R.R. Donnelley & Sons Co. (RRD) reported fourth quarter 2012 non-GAAP earnings of 43 cents per share, which comfortably exceeded the Zacks Consensus Estimate by 6 cents. However, earnings per share (“EPS”) declined 6.5% year over year and 15.7% sequentially in the reported quarter.

Revenues

Revenues declined 2.5% year over year but jumped 35.0% sequentially to $2.71 billion and were well ahead of the Zacks Consensus Estimate of $2.53 billion. The year-over-year decline was primarily due to volume declines, price erosion and 50 basis points (“bps”) unfavorable impact of lower pass-through paper sales.

The sequential improvement was primarily driven by strong revenue growth in Asia and Latin America. Logistics, premedia and office products, magazine/catalog retail inserts, variable print and commercial print also performed better in the fourth quarter.

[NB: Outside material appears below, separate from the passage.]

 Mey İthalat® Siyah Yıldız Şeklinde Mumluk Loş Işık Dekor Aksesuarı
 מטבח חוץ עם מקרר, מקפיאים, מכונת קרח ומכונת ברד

During the quarter, Donnelley further expanded its logistics offerings with the addition of Presort Solutions, a Midwest-based commingled mail provider.

U.S. Print and related services revenues were down 40% from the year-ago quarter to $1.98 billion due to significant lower volumes along with continued pricing pressure across the segment and reduced pass-through paper sales (110 bps). On a sequential basis, segment revenues increased 5.9% due to improving trends in variable print, commercial print, magazine, catalog and retail inserts and logistics.

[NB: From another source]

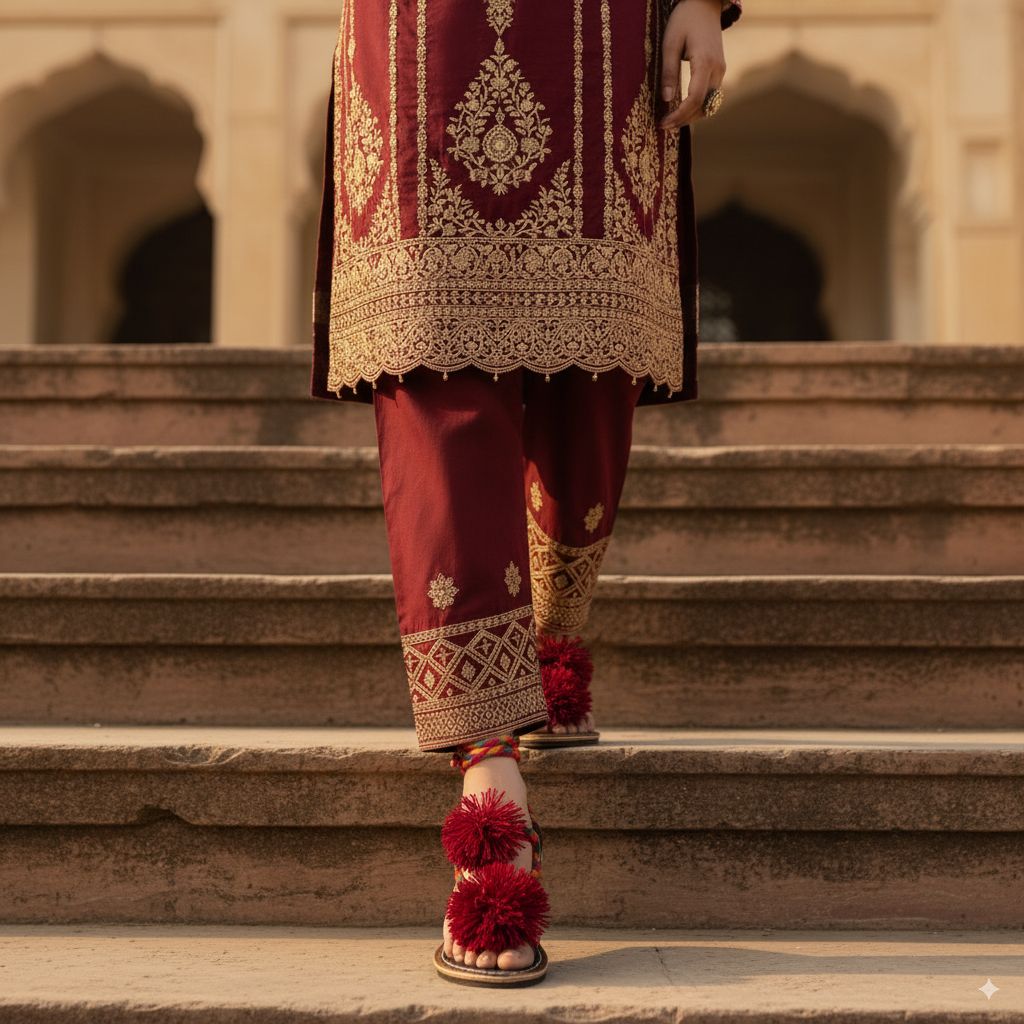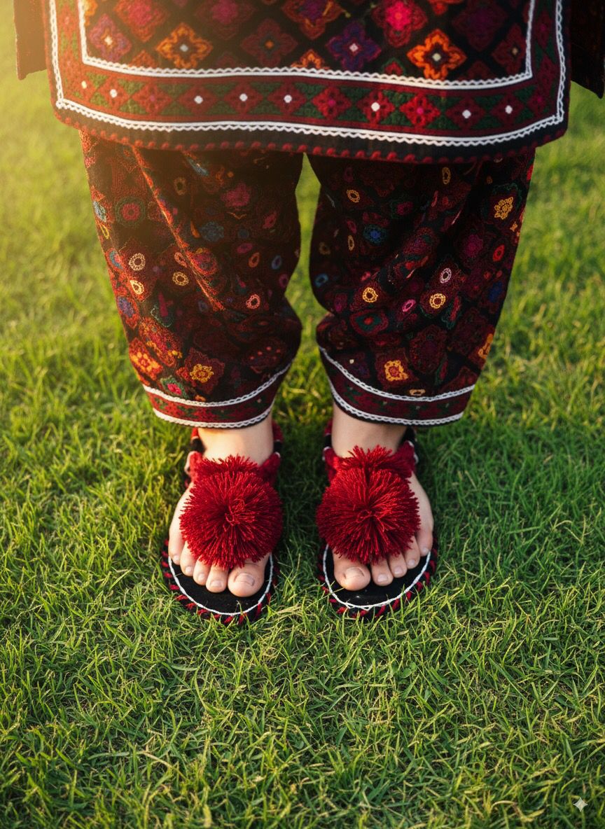 Bring tradition and style together with these beautifully handcrafted Balochi Shoes. Made with premium materials and decorated with vibrant handmade pom-poms and colorful woven straps, these sandals are a symbol of heritage and elegance. Perfect for festive occasions, cultural gatherings, or casual wear, they add a unique touch of tradition to every outfit. Lightweight, durable, and comfortable — these shoes celebrate the rich craftsmanship of Balochistan while keeping your style modern and chic.

International sales increased 1.9% year over year and 11.3% quarter over quarter to $729.3 million in the quarter. The year-over-year growth was primarily driven by a positive 150 bps impact from higher pass-through paper sales and favorable foreign exchange as well as volume increases in Asia and Latin America.

Margins

Operating expenses (primarily excluding restructuring and impairment charges of $1.02 billion) fell 2.7% year over year to $2.48 billion. Sequentially, operating expenses surged 7.7% in the last quarter.

The year-over-year decrease was primarily due to 4.6% decline in products cost of sales. Selling, general & administrative (SG&A) expense declined 1.5% from the year-ago quarter. These fully offset a 13.6% sharp rise in services cost of sales.

However, all of these expenses jumped significantly on a sequential basis. SG&A increased 15.1%, while products and services cost of sales jumped 6.0% and 16.7% from the previous-quarter, respectively.

The lower operating expense drove the operating results from the year-ago quarter as operating margin improved 50 basis points (bps) to 6.5%. However, operating margin contracted 360 bps from the previous quarter due to higher expenses.